Food for thought: the Brulosophy Exbeeriment below actually backs up my experience. They only let half of a split batch sit in primary three weeks post fermentation, and the blind triangle test results came back significant:

https://brulosophy.com/2019/03/18/impact-of-extended-time-in-primary-fermentation-vessel-exbeeriment-results/

The need or even the choice of using secondaries has been debunked pretty much the past 5-8 years already. There's nothing they fix, while increasing risk of oxidation and infection. Leaving the beer in the first (and only) fermenter until packaging (on the yeast cake) has become quite the norm. Preventing air exposure, and the resulting oxidation, especially with hoppy beers, is today's hot topic.

It's this rhetoric that led me to leaving my beer in primary for five weeks in the first place, and here we are. I did it against my better judgement, and although the Brulosophy exbeeriment is only one more data point, in my mind, this issue is settled. It matters how long beer sits in primary.

I should point out, I normally don't do secondaries. I simply try to keg soon after my diacetyl rest is complete. When I don't have an available keg (which is rare), I'll transfer to secondary just so I don't have to stress about it.

Going along with this tangent, I think the point people mean to make about automatically taking the position against secondary, is that newbies might not have the right equipment or experience to be able to reap benefits from secondaries. For them the risk is too high. For me, not so much.

Since I only ferment in glass, I never use buckets, I have great sanitation processes, and I close-transfer under pressure with CO2, I receive nothing but benefit from secondary.

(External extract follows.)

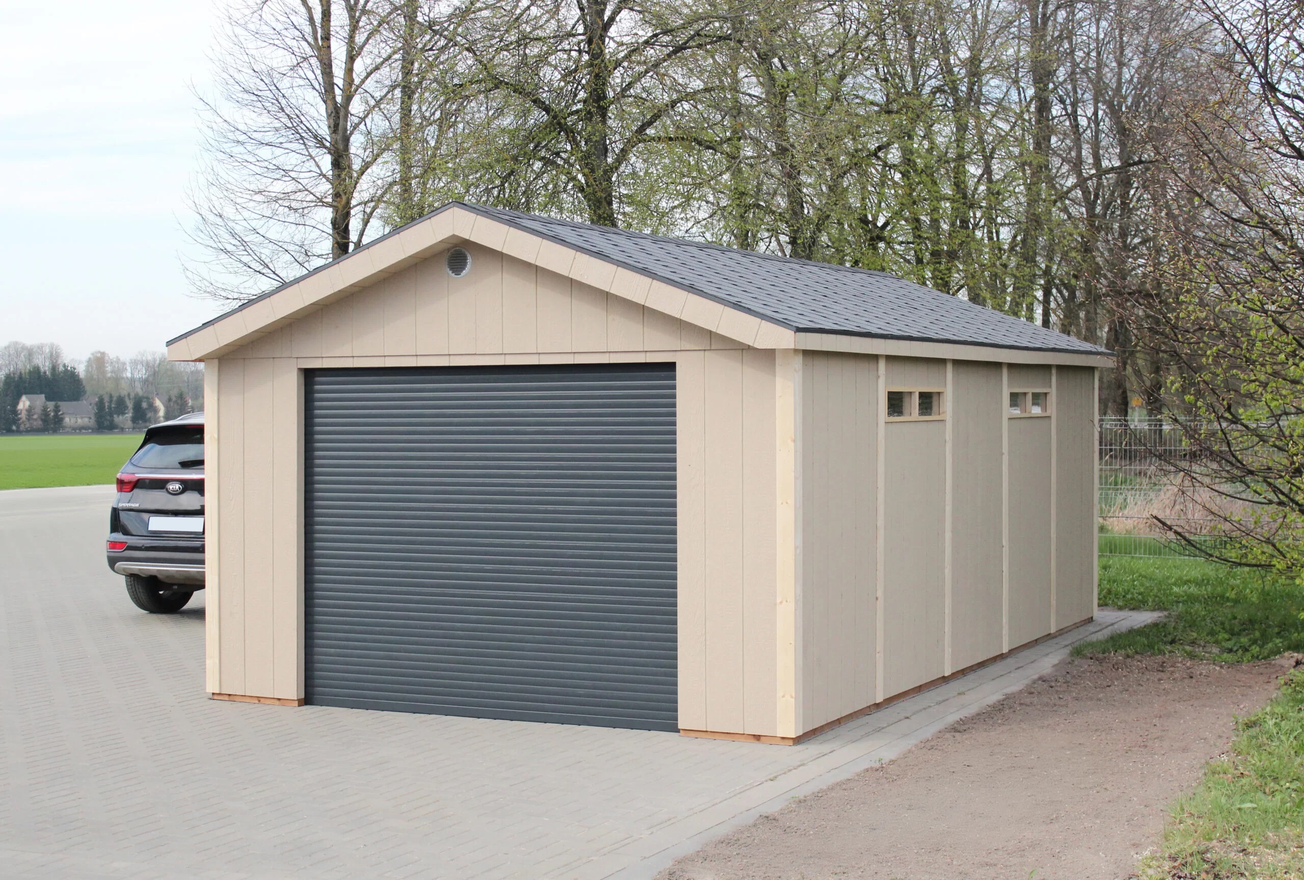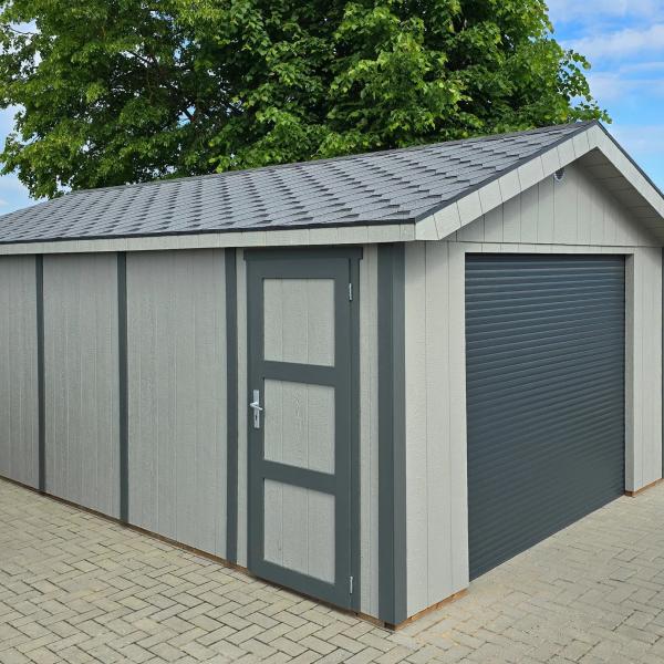 •      Trerammegarasje laget av innovative LP® SmartSide® paneler med elektrisk rulleport

On the flip side of that, if I transferred to an old "secondary" plastic bucket with a dirty auto syphon, left a bunch of bubbles in the line, splashed around like a child in a kiddie pool, and left a bunch of head space, then yeah, I could see why transferring to secondary would be something you might tell someone to avoid.

We have this knee-jerk reaction to regurgitate the hype train against secondaries, because an inexperienced subset of our hobby culture ruins their batches of beer when they employ the technique. All the "Does this look infected?!" posts and what not. However, the argument against poor practice should not be conflated with techniques that have proven themselves to be effective, despite them being tricky to get right.

Anyhoo, yeah. Yeasty beer, diluted with fizzy hop water, then boozed back up with spirits tastes pretty good!